Let’s keep it that way.
Justice: you’ve been a huge personal inspiration to me. Instead of quitting – near the end: you sent out a very organized newsletter & Kickstarter update on how the fundraiser would be moving to GoFundMe. Like it was nothing.
Despite knowing that Dec 21 – 28 (the orig. fundraiser was Dec. 1 to 31st) is the most dead time of the year for fundraisers (with everyone offline, enjoying time with family and also bankrupt) he still believed we could reach the $1500 – and so while most leaders wouldn’t have been able to take the Kickstarter from $300 to over $700 raised in the last few days – because they would have given up – Justice never gave up along the way. He kept pushing and promoting the movement in different avenues. I really respect that – because I would not have had been able to maintain the same willpower he did. He understands the law of attraction. The power of thinking positive and letting that drive you. Maybe better than anyone I know.

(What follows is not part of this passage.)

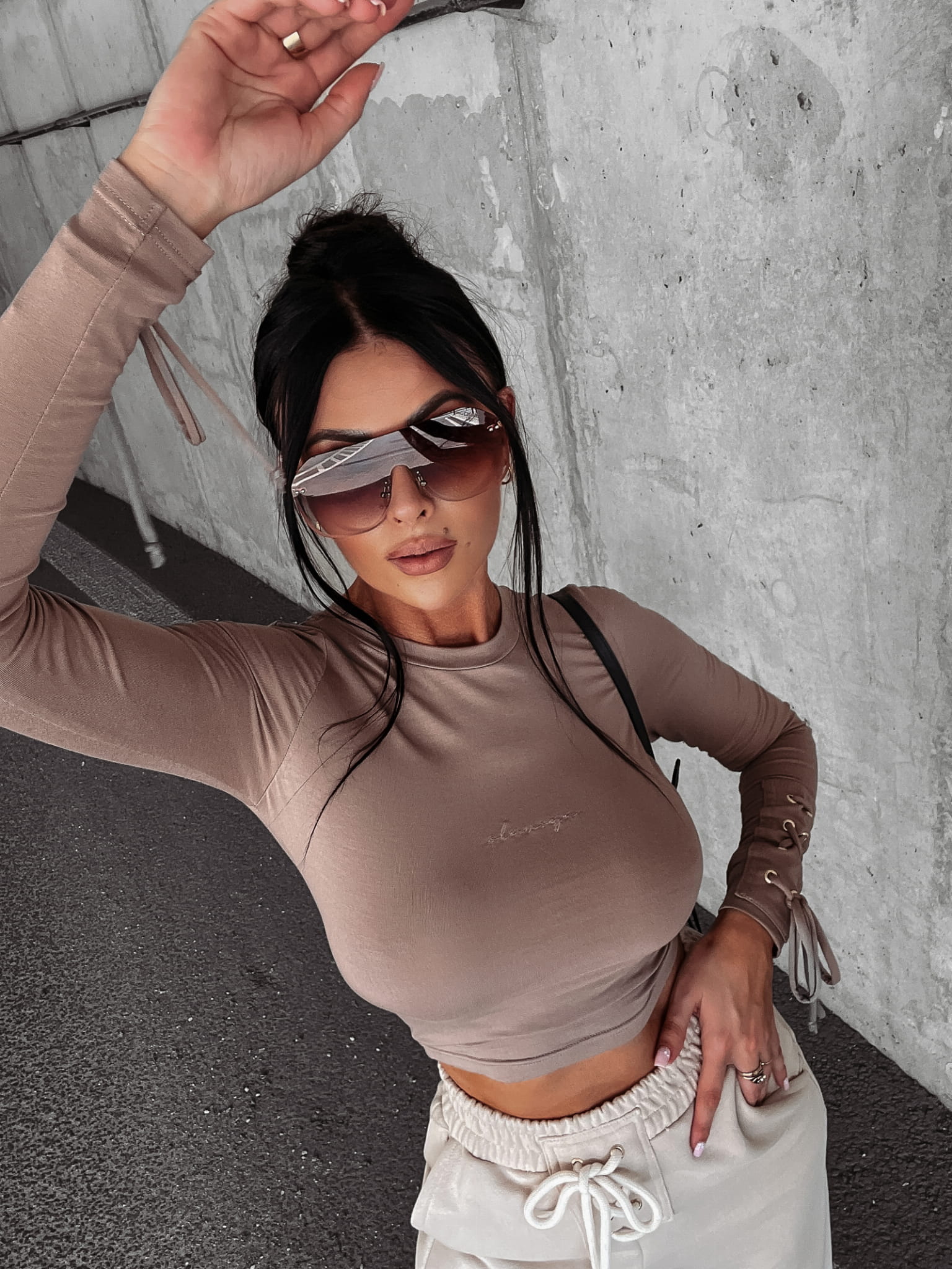 Dopasowana bluzka z długim rękawem, z wiązaniem przy rękawach. Na przodzie minimalistyczny haft.
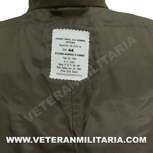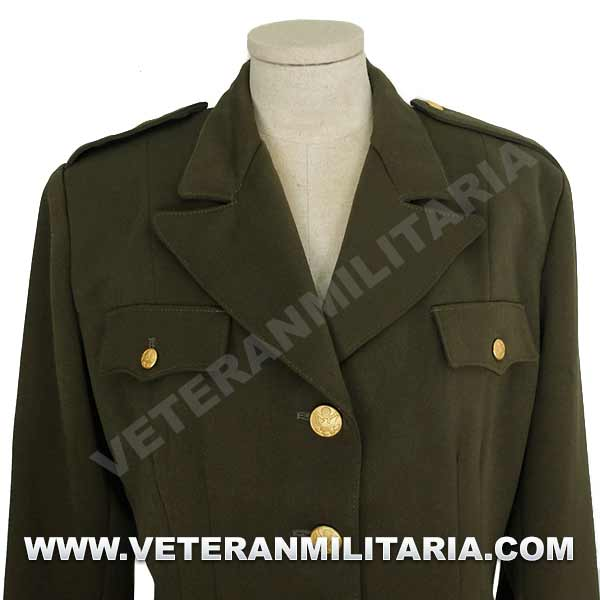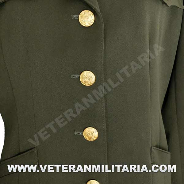Chaqueta de oficial del cuerpo auxiliar WAAC del ejercito americano, fabricada en tejido de gabardina de color OD, botones dorados.

It is possibly cliche to say, but when you’ve gone through something so tough it is very easy to trust that the next steps will be incredibly easier. The toughest part has been surmounted. We are on mile 24 of 26 of the marathon to raise the $ appropriate for keeping the cypher movement alive another year. I hate to say it but I believe it was a test of God to start out the fundraiser with such hard and seemingly insurmountable circumstances, to see how bad Wreck Shop & Justice wanted it. I think anyone would be super proud to have Justice as their leader. I know I’m proud & blessed to have him as a friend and source of faith/inspiration for myself to learn from. Justice, your example of not quitting in this particular case is a big example of why I look up to you. No slowing down in these last few miles.
His Hoodies For The Homeless program with Wreck Shop and constant food drives are another example of his shining heart. I believe the hoodie designs are amazing – and the variations you can get are incredible too. The Crimson Red is one of my favorite (below).
I got the Navy Blue this year. I can’t WAIT for it to come. You can purchase one here. It REALLY is a nerve-wracking experience trying to pick one because there’s so many good potential color combos. Probably why some people end up getting two or three.
Thank you Justice for this program. When you spend $50 to buy a Wreck Shop hoodie of any color combo, one less homeless person will be cold this Winter (an extra hoodie will be donated for each one bought). This is the point of the program.